Four years ago, Robinson was driving a vehicle that collided with a motorcycle, killing its rider. But rather than remain at the scene, Robinson went home and consumed two shots of vodka, which, he said, was to calm his nerves.
But of course the vodka could have masked the five beers he had consumed before the collision. And as B.C. Supreme Court Justice Janice Dillon found Robinson intentionally tried to cover up his previous alcohol consumption, she convicted him of obstruction of justice.
So far so good. But at sentencing, Dillon rejected the Crown attorney's recommendation that Robinson be jailed for three to nine months, and instead imposed a one-year conditional sentence with one month of house arrest.
Dillon cited a number of factors why she declined to send Robinson to jail, but the one that is receiving the lion's share of attention concerns Robin-son's aboriginal background. Specifically, Dillon said that she considered Robinson's ethnic background in fashioning a non-custodial sentence. While this has provoked outrage in the community, with people charging that aboriginal status now amounts to a get-out-of-jail-free card, it's clear that Robinson's ethnicity is only one factor among many that influenced Dillon's decision.
Furthermore, Dillon was required by law to consider Robinson's aboriginal status. In 1996, Parliament passed an amendment to the Criminal Code that requires sentencing judges to look for alternatives to imprisonment "with particular attention to the circumstances of aboriginal offenders."
The amendment was motivated by evidence that aboriginals are grossly overrepresented in the prison sys-tem. Furthermore, given evidence that aboriginals were more likely to be denied bail and to
receive longer sentences than non-aboriginals, the amendment was also intended to remedy the effects of institutional racism.
But as the Supreme Court of Canada held in R. v.
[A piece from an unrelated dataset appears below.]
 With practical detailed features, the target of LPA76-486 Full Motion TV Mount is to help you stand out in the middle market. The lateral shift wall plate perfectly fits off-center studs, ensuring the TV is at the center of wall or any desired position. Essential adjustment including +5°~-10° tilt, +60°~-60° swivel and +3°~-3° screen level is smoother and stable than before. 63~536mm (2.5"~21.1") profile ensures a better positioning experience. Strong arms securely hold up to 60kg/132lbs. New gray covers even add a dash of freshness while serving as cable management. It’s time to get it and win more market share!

Gladue, judges are also expected to consider systemic and background factors of aboriginals in order to craft appropriate sentences. Now while this might result in aboriginals receiving lighter sentences, in certain situations, than non-aboriginals, the Supreme Court also emphasized that the amendment "should not be taken as requiring an automatic reduction of sentence, or a remission of a warranted period of incarceration, simply because the offender is aboriginal."
So if Dillon chose not to impose on Robinson a custodial sentence, which was surely warranted, solely because of his aboriginal status, then she erred. But there's no evidence she did so.
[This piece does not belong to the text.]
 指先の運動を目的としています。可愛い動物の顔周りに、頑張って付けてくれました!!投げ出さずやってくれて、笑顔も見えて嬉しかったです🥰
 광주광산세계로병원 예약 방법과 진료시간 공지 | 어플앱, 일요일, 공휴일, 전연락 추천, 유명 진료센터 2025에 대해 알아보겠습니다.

Rather, according to Dillon, other factors militating against incarceration included the fact that Robin-son was a first-time offender, and as a police officer, he would have to be held in protective custody if he were sent to jail.
So for Dillon, Robinson's being a police officer worked against imposing a custodial sentence. And this is where the problem lies. For Robinson's status as a cop should really amount to an aggravating factor - after all, the police are responsible for administering justice, yet justice is precisely what Robinson obstructed. It is therefore a very serious matter when a cop obstructs justice. And this alone should weigh very heavily in favour of incarceration. Furthermore, as Dillon detailed, there were other aggravating factors, including the fact that Robinson never showed any remorse, nor did he accept responsibility for his actions.
Altogether then, Robinson's status and his actions cry out for a jail sentence. And Dillon's sentence cries out for an appeal.